The majority of the state's wineries are located in the Snake River Valley west of Boise. Currently there over 70 wineries in Idaho.

The Snake River Valley lies in southwestern Idaho and two counties in Oregon encompassing 8263 sqmi and was designated an American Viticultural Area (AVA) by the Alcohol and Tobacco Tax and Trade Bureau (TTB) on April 9, 2007. A petition was filed by the growers in the Snake River Valley, the Idaho Grape Growers and Wine Producers Commission, and the Idaho Department of Commerce and Labor. The AVA was established for wines to bear the Snake River Valley label where at least 85% of the grapes used for production must be grown in the AVA. Vintners may now use the term to describe Idaho and Oregon wines made from grapes grown in the viticultural area.

Eagle Foothills appellation was designated in November 2015. It is credited as a specialized grape-growing region because of the influence of nearby 4874 ft Prospect Peak and the granite pebbles mixed with volcanic ash/sandy loam as a result of Ancient Lake Idaho.

Lewis-Clark Valley is also a multi-state AVA located in four northern Idaho counties and three counties in southeastern Washington. It was established as the nation's 235^{th}, Washington's ninth and Idaho's third appellation on April 2016 by the TTB, Treasury after reviewing the petition submitted by Dr. Alan Busacca, a licensed geologist and founder of Vinitas Consultants, LLC, on
behalf of the Palouse-Lewis Clark Valley Wine Alliance and the Clearwater
Economic Development Association, proposing the viticultural area named "Lewis-Clark Valley." The region encompasses 479 sqmi with nearly 100 acre under vine throughout the Lewis-Clark Valley between the Clearwater and mid-Snake Rivers and their tributaries. The topography consists primarily of deep, V-notched canyons, low plateaus, and bench lands formed by the two rivers. There were 3 wineries within the appellation, as well as 16 commercially-producing vineyards with elevations approximately below 2000 ft.
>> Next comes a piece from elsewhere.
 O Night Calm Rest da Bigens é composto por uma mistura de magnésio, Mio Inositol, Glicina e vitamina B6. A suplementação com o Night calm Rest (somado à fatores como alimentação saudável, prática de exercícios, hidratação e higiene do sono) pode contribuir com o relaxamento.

It borders the northern part of the Oregon-Washington established Columbia Valley AVA with about 72%, 219838 acres, located in Idaho and the remainder across the border into Washington.

==Popular culture==

Singer Norma Zimmer, who held title of "Champagne Lady" on The Lawrence Welk Show for over two decades, was born in Shoshone County, Idaho.
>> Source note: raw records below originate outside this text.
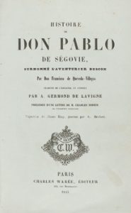 1845. LIBRO : (LITERATURA). QUEVEDO-VILLEGAS, FRANCISCO : HISTOIRE DE DON PABLO DE SÉGOVIE, SURNOMMÉ L´AVENTURIER BUSCON. Paris : Éd. Charles Warnée, 1845, 8º mayor.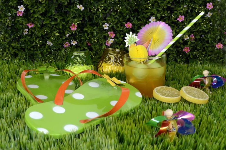 Keywords: garden party drink tea lights colorful candles lights color decoration flip flop shoes pinwheel straw ice throws meadow enjoy chill out relax party sommerfest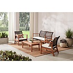 • Update your patio or deck with this Hampton Bay Clover Cay four-piece conversation seating set. Curved set-back arms on chairs, three padded seat cushions and four back cushions keep you and your guests comfortable. Built to last, it features waterproof acacia wood frames and all-weather cushion covers.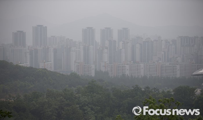 (서울=포커스뉴스) 13일 서울 마포구 하늘공원에서 바라본 서울 도심이 안개로 뿌옇게 보이고 있다.
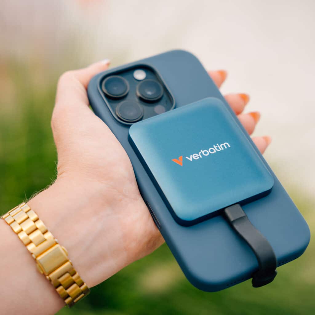 The Verbatim SnapBack SSD combines portability, speed, and smart connectivity to make mobile workflows effortless. By recording directly to the drive, connecting securely via MagSafe or the included ring, and offering lightning-fast file transfers, it keeps professionals productive wherever they work.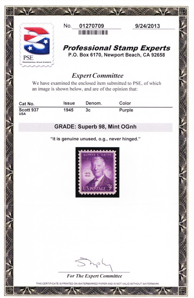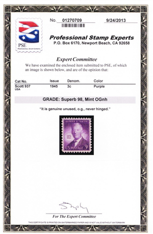 Due to the high cost of obtaining certificates we will only refund the cost of the stamp and not the cost of the certificate for stamps that sell for less than $250 that come back with a negative certificate. Stamps that sell for above $250 will receive a full refund for both the price of the stamp and cost of the certificate if it should come back not as described. For U.S. stamps only certificates from either APS, PSE or from the Philatelic Foundation are accepted, however "graded" certificates or "encased" items are not accepted.

In the 1969 film Cactus Flower (based on two earlier plays) Ingrid Bergman reads the label of a bottle in a nightclub and says, "I didn't know they made champagne in Idaho." Later in the film, she tells her date, "Let's have some of that crazy Idaho champagne!"

Cloris Leachman delivers a similar line in a 1971 episode of The Mary Tyler Moore Show as Phyllis Lindstrom. When Mary presents a bottle of champagne to celebrate a new job, Phyllis reads the label and says, "I didn't know they even made it in Idaho."

The gag gets extended treatment in The Muppet Movie from 1979, as Kermit the Frog orders a bottle of wine from the waiter (played by Steve Martin) to share with Miss Piggy. When the bottle arrives, Miss Piggy exclaims, "You mad impetuous thing—it's champagne!" to which Martin interjects, "Not exactly. Sparkling muscatel—one of the finest wines of Idaho." Martin later asks Kermit, "Don't you want to smell the bottle cap?" and, when Kermit asks the waiter to taste it for him, Martin dramatically spits it out, and says, "Excellent choice." "Should be, for 95¢," Kermit snarks to Miss Piggy.